(GIVEN DATA):
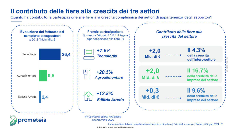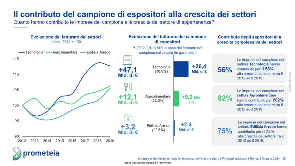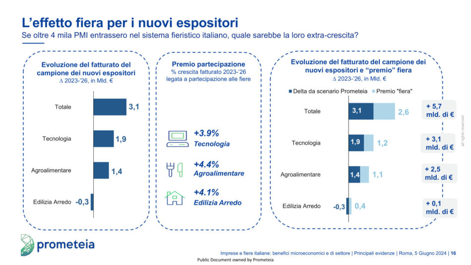 L’effetto fiera, conclude il report, potrà rivelarsi ancora più incisivo per i tre settori. L’ingresso di 4.150 nuove piccole medie imprese nell’Associazione porterebbe infatti un beneficio di un altro +0,6% sull’aumento complessivo di fatturato (+56 miliardi di euro) con un incremento ascrivibile alla sola partecipazione fieristica che si attesterebbe a +5,7 miliardi di euro, anziché 3,1. L’agroalimentare chiuderebbe il 2026 a +20 miliardi. Il comparto tecnologico invece a +39 miliardi, stabile edilizia e arredo.
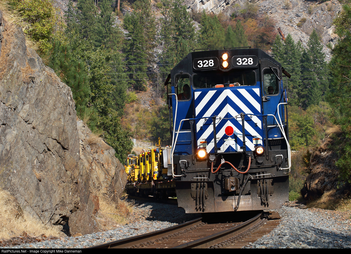| Montana Rail Link EMD SD45 No. 328 powers a westbound MRL work train through a cut between Eddy and Thompson Falls, Montana, on September 21, 2012. |
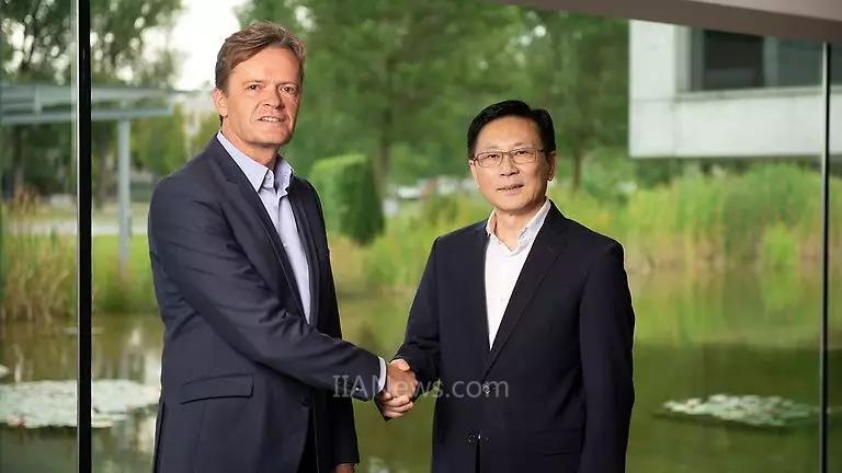 左:戴姆勒管理委员会成员,负责公司研究和梅赛德斯-奔驰汽车开发Markus Schäfer;右:孚能科技创始人YU WANG

(WORK TASK): A faithful transcription of the material, with no pictures, is the expected result.

(WRITTEN ANSWER):
 L’effetto fiera, conclude il report, potrà rivelarsi ancora più incisivo per i tre settori. L’ingresso di 4.150 nuove piccole medie imprese nell’Associazione porterebbe infatti un beneficio di un altro +0,6% sull’aumento complessivo di fatturato (+56 miliardi di euro) con un incremento ascrivibile alla sola partecipazione fieristica che si attesterebbe a +5,7 miliardi di euro, anziché 3,1. L’agroalimentare chiuderebbe il 2026 a +20 miliardi. Il comparto tecnologico invece a +39 miliardi, stabile edilizia e arredo.
| Montana Rail Link EMD SD45 No. 328 powers a westbound MRL work train through a cut between Eddy and Thompson Falls, Montana, on September 21, 2012. |
 左:戴姆勒管理委员会成员,负责公司研究和梅赛德斯-奔驰汽车开发Markus Schäfer;右:孚能科技创始人YU WANG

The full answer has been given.